I am in the process of creating a webpage and it is very overwhelming.
I would like a cheat sheet, can you guys give me a list of what should go on your webpage before it can even be considered one? Did you create yours or did you have someone do it?


----------



## TeeShirtSamurai (Feb 8, 2006)

You're right, it can be very overwhelming.

You need to decide first off whether or not you are up to the task. Do you want to create it yourself or do you want to hire someone?

If you decide to create it yourself then prepare to spend months getting it the way you want, maybe more. There is a lot that goes into creating a quality web page.

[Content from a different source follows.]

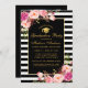 Watercolor Pink Blush Gold Floral Graduation Party Invitation Card with Black and White Stripes - Photo Back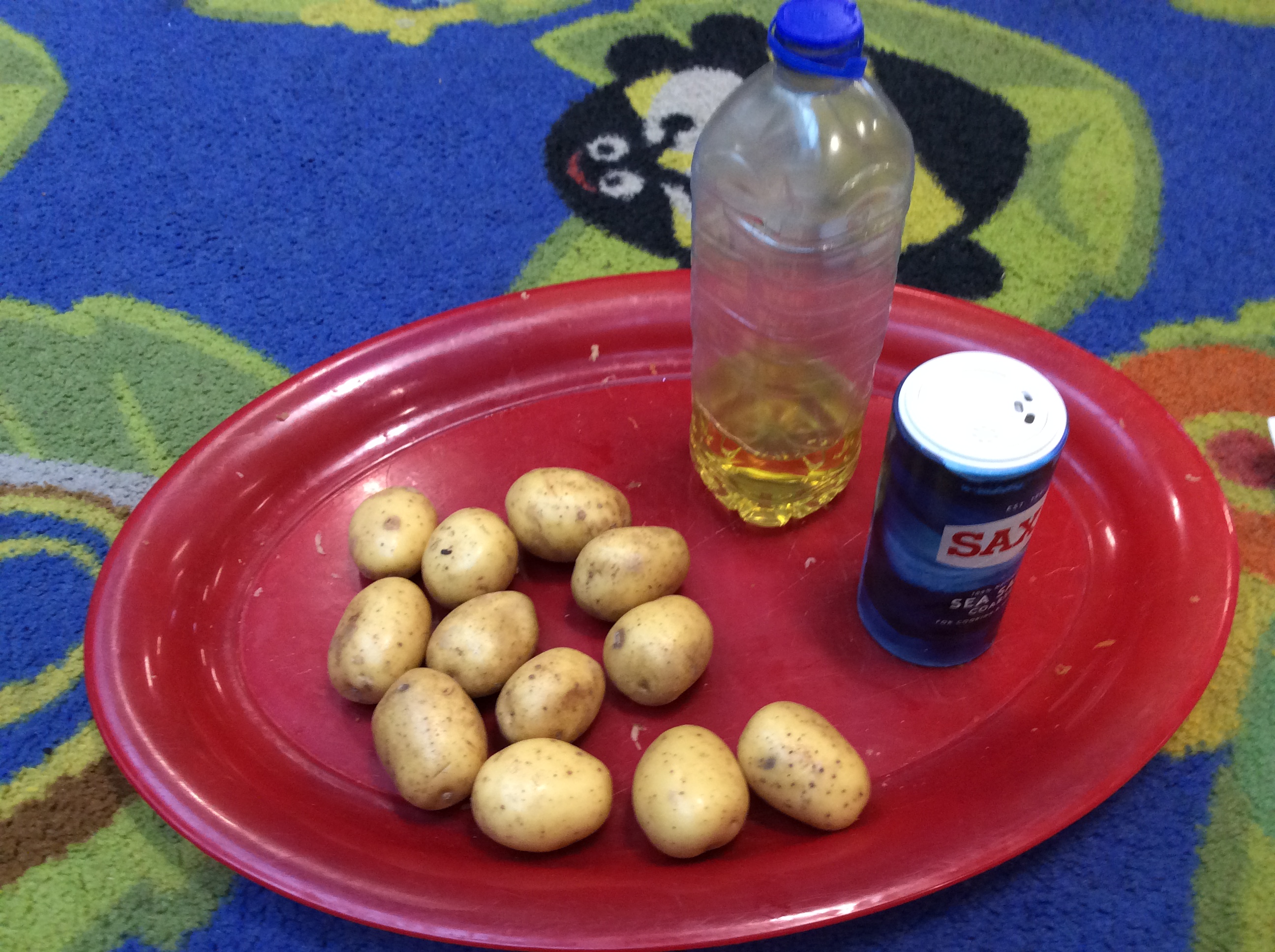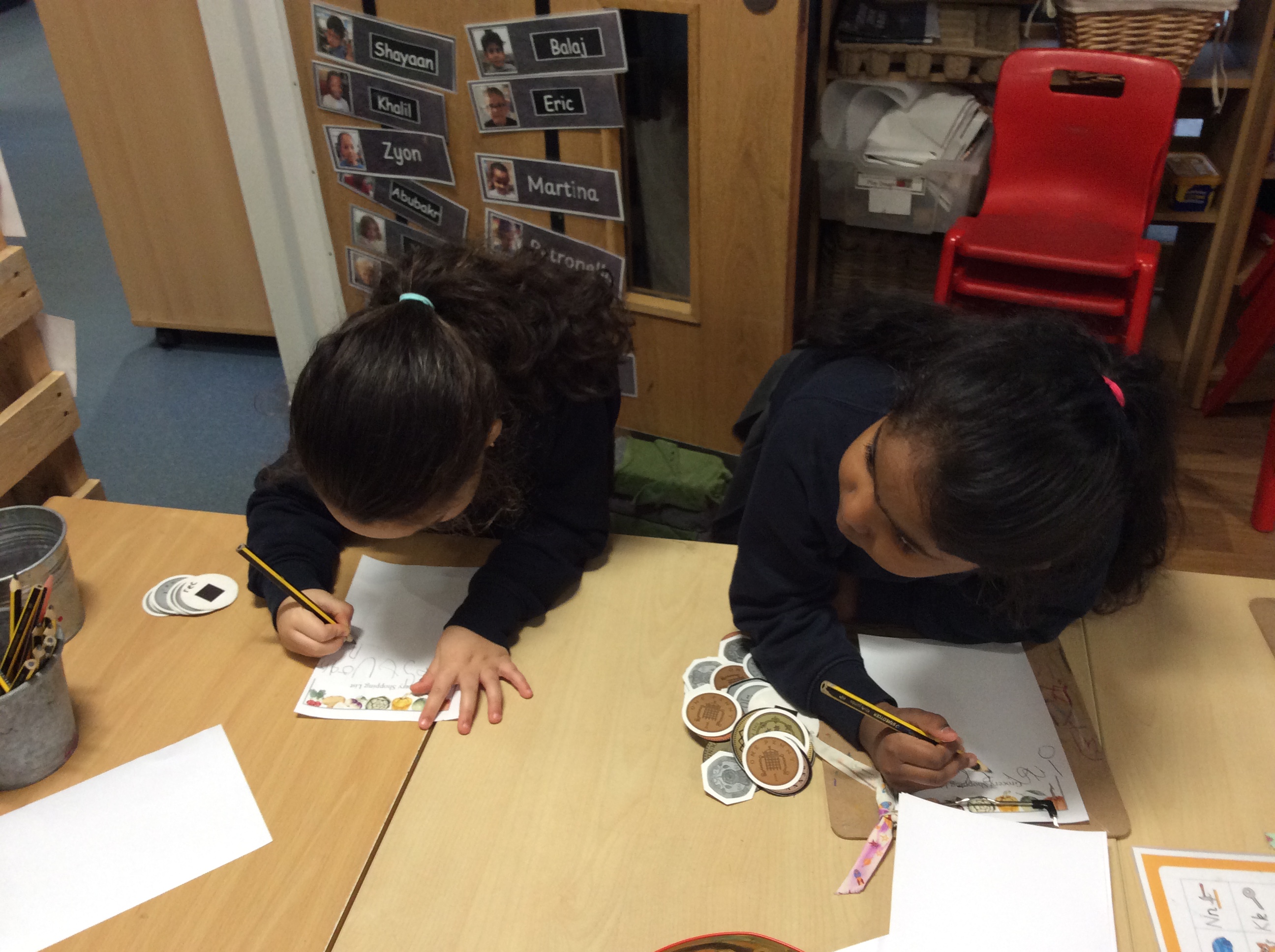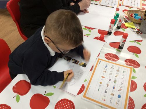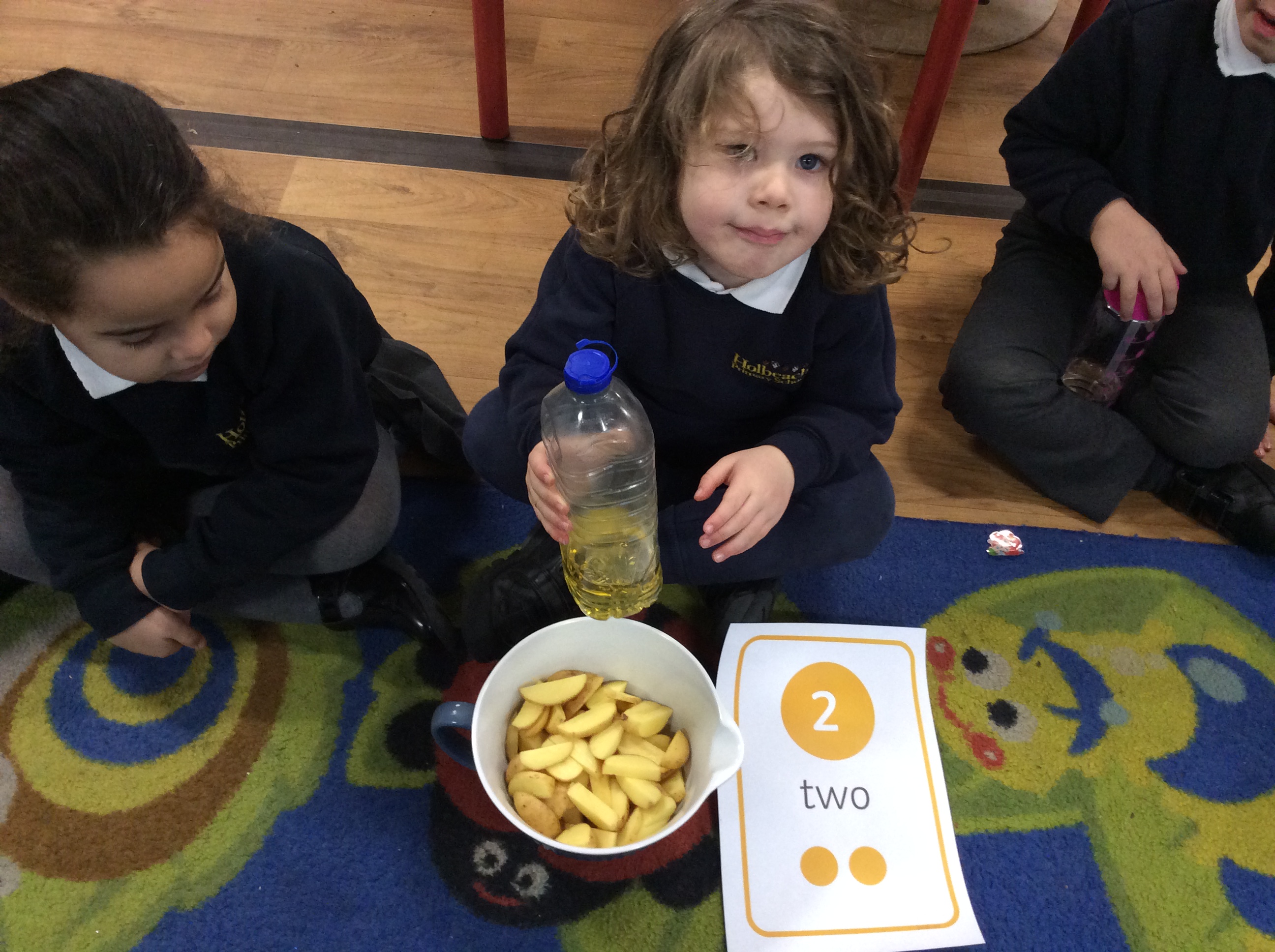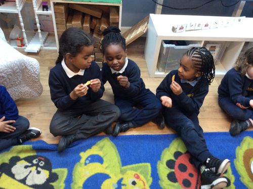 On Monday, Pebble Class made a fruit and vegetable shop in our role play area. We wrote shopping lists and counted out coins and vegetables. This was great for our Maths learning! Next, we chopped and grated. We made chips in our oven from the potatoes we bought. They were so yummy! We wrote the recipe in our books.

I suggest you visit sites you like and people you will consider your competition and take notes.


----------



## Rodney (Nov 3, 2004)

Hi Ana, here's a good thread to start you off:
http://www.t-shirtforums.com/showthread.php?t=3929


----------



## hostingdiva (Mar 31, 2006)

Ana:

Do you have a url available to see what you've done so far?


----------



## RAHchills (Aug 28, 2005)

Ana,

The best thing I've done, while putting my site together, is to look at other t-shirt sites that I like and take a little from each one to come up with my own.


----------



## dot7 (Jul 13, 2006)

Hi Ana

I’m long time designer I can give you some pointers, to take you in the right direction.
But the reality is everyone is different, and most people just make it more difficult than it actually is. In my 12+ years of designing websites I’ve learned a lot of things, from design trends; technology etc. But one thing remains the same KEEP IT SIMPLE.
As the saying goes “less is more” that’s the basic rule, nowadays the technology and wealth of information is overwhelming, that’s why many people tend to loose track and make the task seem impossible. I know for a fact that anyone with basic computer knowledge can design a website, that’s an easy task, keeping it on track and actually finishing it seems to be the hard part.

It seems that most of my clients can design their own sites as well as I could, but I find that most of them are very just can’t make a decision on what it is they really want.
Once they start research (simply looking at competition) they find themselves overwhelmed with all the possibilities out there, then their creative juices start flowing and before you know it they’re lost in a continuous circle of indecisiveness.

Well the point I’m trying to make is:

1) Look at what others are doing.
2) Decide on the technology
3) Put it on paper
4) Stick to your original plan!

I guess I stretched this post long enough I could go on forever, but then it will turn into a book, there is no need for that, if you have any specific question don’t be afraid to ask.

PS. Hello All


----------